→ Exercise prompt:
In the entries below, repeat only the lines between those holding "在中國共產(chǎn)黨入黨" and "media ο Grosjean.", inclusive. Leave pictures out.

→ Input for this task:
= Beginning of Section =

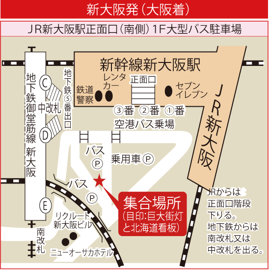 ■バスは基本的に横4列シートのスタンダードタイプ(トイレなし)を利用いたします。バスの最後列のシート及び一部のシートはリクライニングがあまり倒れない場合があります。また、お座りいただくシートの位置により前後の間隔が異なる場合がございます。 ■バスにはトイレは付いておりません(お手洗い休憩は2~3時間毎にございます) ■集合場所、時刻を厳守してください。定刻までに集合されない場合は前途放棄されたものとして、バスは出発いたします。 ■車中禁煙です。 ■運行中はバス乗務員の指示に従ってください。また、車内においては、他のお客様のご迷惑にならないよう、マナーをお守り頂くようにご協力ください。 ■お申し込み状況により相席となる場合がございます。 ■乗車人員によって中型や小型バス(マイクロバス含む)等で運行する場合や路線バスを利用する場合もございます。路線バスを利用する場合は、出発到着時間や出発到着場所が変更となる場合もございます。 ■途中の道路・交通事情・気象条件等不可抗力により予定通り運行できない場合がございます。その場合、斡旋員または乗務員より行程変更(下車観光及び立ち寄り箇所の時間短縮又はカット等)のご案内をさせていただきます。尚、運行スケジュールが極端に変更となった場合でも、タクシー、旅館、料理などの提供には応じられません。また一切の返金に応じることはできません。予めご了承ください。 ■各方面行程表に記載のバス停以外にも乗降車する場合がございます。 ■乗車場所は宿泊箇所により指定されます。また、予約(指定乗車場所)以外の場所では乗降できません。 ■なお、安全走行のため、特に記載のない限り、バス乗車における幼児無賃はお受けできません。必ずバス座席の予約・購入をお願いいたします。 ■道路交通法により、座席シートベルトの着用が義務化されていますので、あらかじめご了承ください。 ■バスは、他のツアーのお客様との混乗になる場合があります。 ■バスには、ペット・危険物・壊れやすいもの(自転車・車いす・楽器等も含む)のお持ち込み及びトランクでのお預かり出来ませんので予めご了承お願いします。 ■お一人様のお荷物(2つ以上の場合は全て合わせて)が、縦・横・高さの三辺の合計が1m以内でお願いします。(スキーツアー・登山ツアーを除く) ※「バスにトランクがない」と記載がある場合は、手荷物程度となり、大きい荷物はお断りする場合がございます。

= End of Section =
= Beginning of Section =

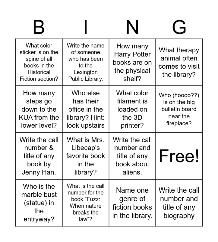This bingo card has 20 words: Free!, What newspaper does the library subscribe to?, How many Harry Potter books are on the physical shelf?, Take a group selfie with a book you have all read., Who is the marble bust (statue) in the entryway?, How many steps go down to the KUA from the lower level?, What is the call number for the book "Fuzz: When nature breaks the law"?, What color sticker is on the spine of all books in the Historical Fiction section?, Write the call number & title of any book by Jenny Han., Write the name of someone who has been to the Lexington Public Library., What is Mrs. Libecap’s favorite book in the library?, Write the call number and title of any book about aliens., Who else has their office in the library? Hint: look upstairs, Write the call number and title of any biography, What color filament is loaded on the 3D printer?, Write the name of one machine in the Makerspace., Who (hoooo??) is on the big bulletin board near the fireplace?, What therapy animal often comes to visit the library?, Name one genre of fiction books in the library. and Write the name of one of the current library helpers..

= End of Section =
= Beginning of Section =

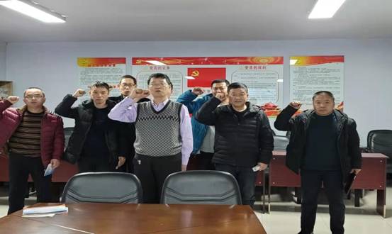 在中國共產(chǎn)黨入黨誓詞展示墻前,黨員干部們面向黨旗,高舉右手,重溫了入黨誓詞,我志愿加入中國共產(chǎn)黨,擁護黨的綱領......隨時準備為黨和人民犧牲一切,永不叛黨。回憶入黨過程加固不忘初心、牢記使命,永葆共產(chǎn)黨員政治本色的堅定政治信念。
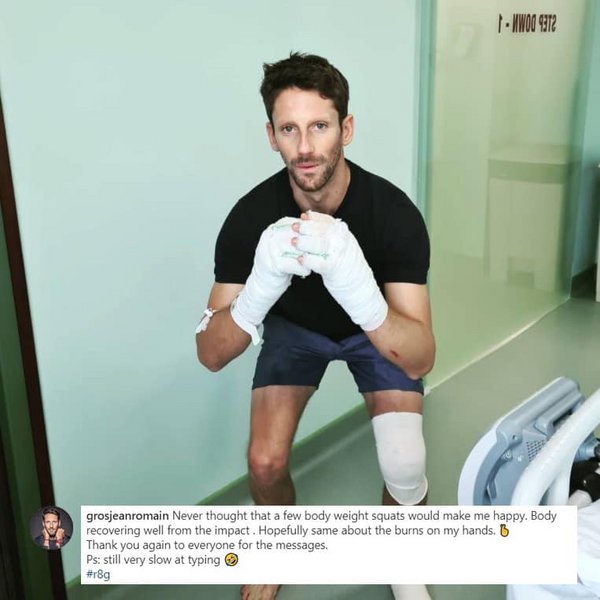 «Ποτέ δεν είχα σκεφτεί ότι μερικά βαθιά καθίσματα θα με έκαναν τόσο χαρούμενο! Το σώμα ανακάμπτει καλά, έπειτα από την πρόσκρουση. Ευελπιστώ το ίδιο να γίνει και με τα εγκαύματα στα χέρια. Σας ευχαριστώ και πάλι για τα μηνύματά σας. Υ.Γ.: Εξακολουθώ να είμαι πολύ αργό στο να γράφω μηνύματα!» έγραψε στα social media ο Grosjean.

= End of Section =

→ Solution to this problem:
 在中國共產(chǎn)黨入黨誓詞展示墻前,黨員干部們面向黨旗,高舉右手,重溫了入黨誓詞,我志愿加入中國共產(chǎn)黨,擁護黨的綱領......隨時準備為黨和人民犧牲一切,永不叛黨。回憶入黨過程加固不忘初心、牢記使命,永葆共產(chǎn)黨員政治本色的堅定政治信念。
 «Ποτέ δεν είχα σκεφτεί ότι μερικά βαθιά καθίσματα θα με έκαναν τόσο χαρούμενο! Το σώμα ανακάμπτει καλά, έπειτα από την πρόσκρουση. Ευελπιστώ το ίδιο να γίνει και με τα εγκαύματα στα χέρια. Σας ευχαριστώ και πάλι για τα μηνύματά σας. Υ.Γ.: Εξακολουθώ να είμαι πολύ αργό στο να γράφω μηνύματα!» έγραψε στα social media ο Grosjean.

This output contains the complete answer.